Longer lives, healthier lives? Patterns of severe health problems and dependency in the last years of life

PI: Bettina Meinow

The relatively healthy period after retirement, the so-called “third age,” lasts longer than it did a few decades ago. Yet, the length of the “fourth age,” a period with poor health and dependence on long-term care (i.e., home-help services or institutional care) before death, remains unclear. The project examines whether this last stage in life has been compressed into a shorter time or whether it has expanded, as more recent cohorts survive longer despite health problems.

We use two approaches to learn more about the fourth age.

First, we will use information from registers such as the Swedish national Social Services Register and the Causes of Death Register to examine long-term care use as an indicator of dependency in the fourth age. We will analyze the entrance into and duration of long-term care use for self-care activities of daily living, examining whether patterns vary by gender, education, civil status, and the age of entrance into long-term care.

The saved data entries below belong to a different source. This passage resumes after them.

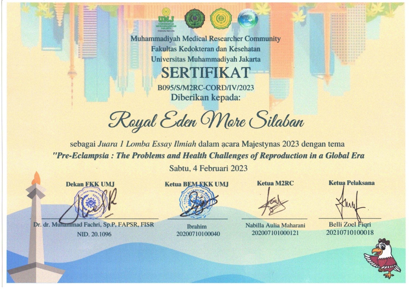 Royal berhasil meraih Juara 1 Esai Ilmiah pada ajang MAJESTYNAS (Muhammadiyah Jakarta Scientific Competition Tingkat Nasional) 2023. MAJESTYNAS diketahui merupakan sebuah acara ilmiah tahunan di Fakultas Kedokteran dan Kesehatan Universitas Muhammadiyah Jakarta yang diselenggarakan oleh Lembaga Ilmiah FKK UMJ yaitu Muhammadiyah Medical Researcher Community (M2RC).
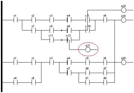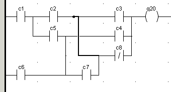 If an object (contact or coils) has a vertical connection (OR Link), this vertical connection will be located at the end of the cell of the object.
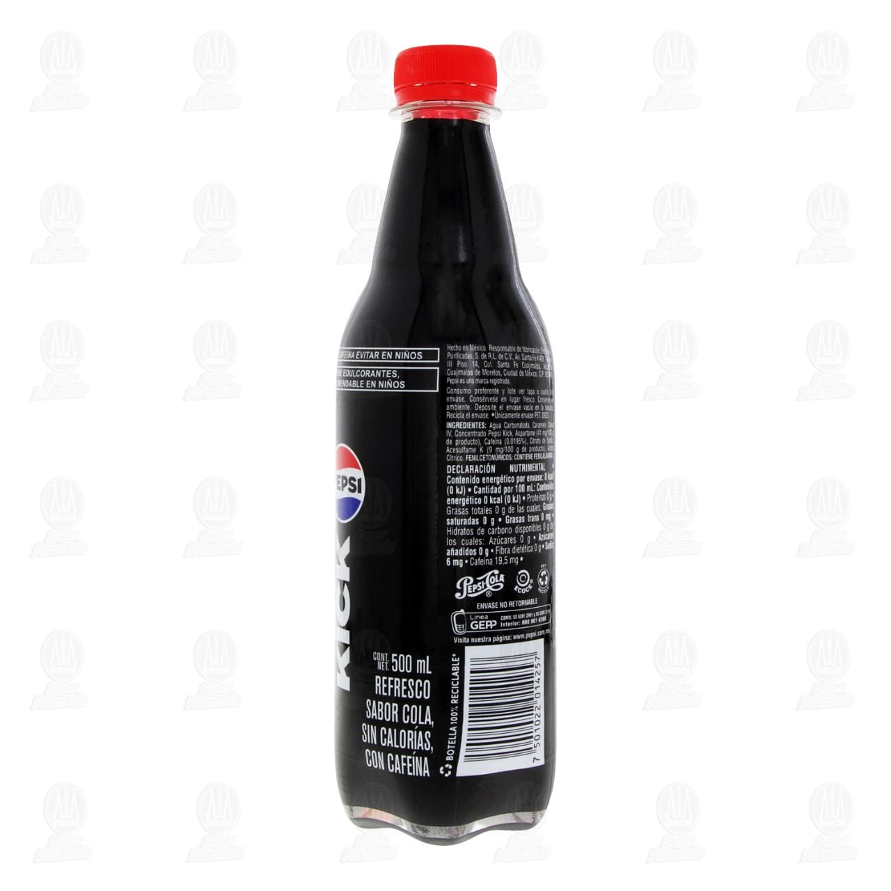 Refresco Pepsi Kick con un Toque de Cafeína, Sabor Cola. Botella con 500 mililitros.
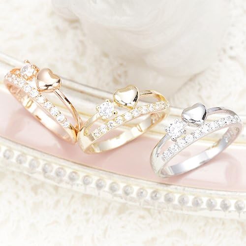 から魅力的に引き立ててください。 シンプルな地金リングは どんなスタイリングにもぴったりハマってくれる優秀アイテム。 リングを重ね着けしているようなデザインのピンキーリング。 ハート&ストー

Second, we will use health indicators from a nationally representative survey of people aged 70+ (SWEOLD; n=2477) to estimate changes between 2004 and 2014 in how long people can expect, on average, to live in poor health or dependency after the age of 70. Study questions include: Which indicators of poor health were compressed into a shorter period before death? Which expanded and were experienced for a longer period prior to death? Which were experienced for an equally long time but starting at an older age? We will also analyze whether trends differ by gender and educational level.

The results of the study will contribute to our understanding of aging processes over the course of the human life span. The findings will have important implications for estimating future care needs and for the structure and organization of care services.

This project is funded by grants from the Swedish Research Council for Health, Working Life, and Welfare (Forte) and the Swedish Research Council.